Hätte David Raum zwei Minuten nach der Pause ein wenig mehr Zutrauen in seinen linken Fuß gehabt, wäre van Gaal nach der Partie wahrscheinlich nicht auf die Idee gekommen, zu schwärmen: „Was ein Spiel!“ Der Hoffenheimer aber zögerte und verzog anschließend knapp. Die niederländische Mannschaft hatte bis dahin nicht den Anschein gemacht, sich gemeinschaftlich gegen eine Niederlage auflehnen zu wollen. Es war zu diesem Zeitpunkt noch nicht abzusehen, dass van Gaal nach der Partie auch aus holländischer Sicht von einem „wunderschönen Fußball-Abend“ schwärmen konnte.
Weil sich aber die niederländische Mannschaft doch noch ihrer spielerischen Klasse besann und die deutsche Elf die zuvor hohe Intensität halten konnte, waren die Niederländer nach dem Ausgleich von Steven Bergwijn (68.) der Führung plötzlich näher als die Deutschen. Hätte Schiedsrichter Craig Leigh Pawson in der 72. Minute nicht den zuvor verhängten Elfmeter nach einem vermeintlichen Foul von Thilo Kehrer nach Ansicht der Videobilder zurückgenommen, wäre die deutsche Mannschaft wahrscheinlich als Verlierer vom Feld gegangen. Es wäre ein Resultat gewesen, das dem Spielverlauf nicht entsprochen hätte, aber um derartige Kleinigkeiten kümmert sich der Sport nur selten.
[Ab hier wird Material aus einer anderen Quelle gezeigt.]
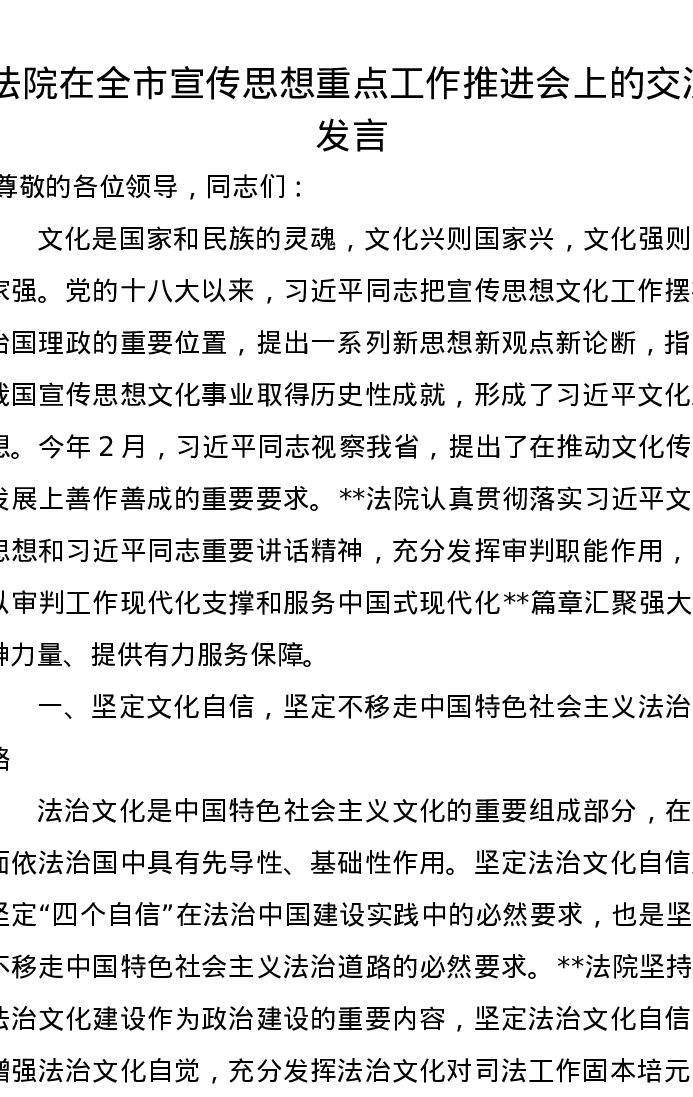 法院在全市宣传思想重点工作推进会上的交流发言
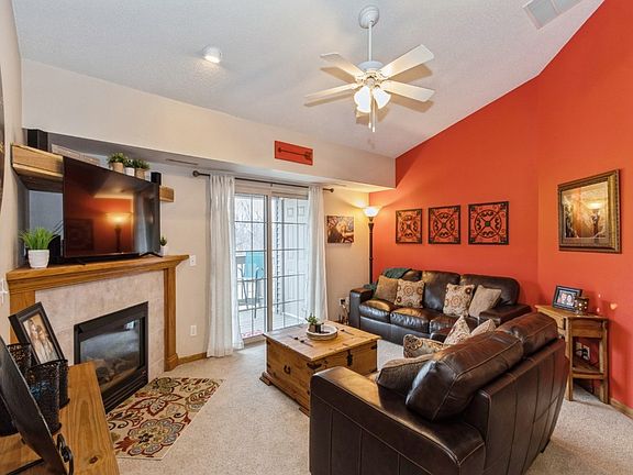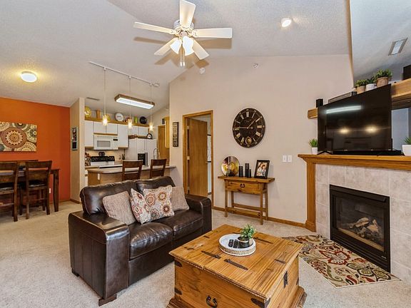 Nestled alongside the golf course, close to Target, and a short distance to Starbucks, surrounded by trails & parks this makes the perfect place. With fiber optic internet (great for those home offices) and low utilities. Come on into this lovely unit with elevator access! Freshly painted, with updated light fixtures, vaulted ceilings, open concept from the kitchen looking out into your living & dining room. This unit has a beautiful fireplace in the living room and two sets of sliding glass doors onto your spacious deck! You can access the deck from either the primary bedroom or living room. Primary bedroom features this one of a kind accent wood wall, a walk-in closet, laundry situated in its own area off the primary bathroom. Second bedroom and bathroom are spacious, great closets and storage! Pets allowed, elevator access, 1 stall garage, and beautiful green courtyard. The low $215 monthly association fees (no additional start up fee) covers water, trash, recycling, snow removal, lawncare, and internet!

So konnte am Ende Thomas Müller stimmig zusammenfassen, dass „die erste Halbzeit schon ziemlich gut“ gewesen sei. „Die Richtung stimmt. Wir haben gemerkt, dass wir mit den guten Mannschaften nicht nur mithalten können, sondern auch dominieren.“ Dass der in Sachen Humor den Holländern in nichts nachstehende Offensivmann derartiges unwidersprochen feststellen würde können, war vor einigen Monaten noch nicht abzusehen. So riss zwar die Serie Flicks nach acht gewonnenen Spielen in Serie – die Erkenntnisse nach dem Remis in Holland aber dürften ihm wichtiger sein. Dass man den nächsten Auftritten der Nationalmannschaf im Juni gegen Italien, England und Ungarn nun eher gespannt als gebangt entgegenblickt, ist der größte Fortschritt unter Flick.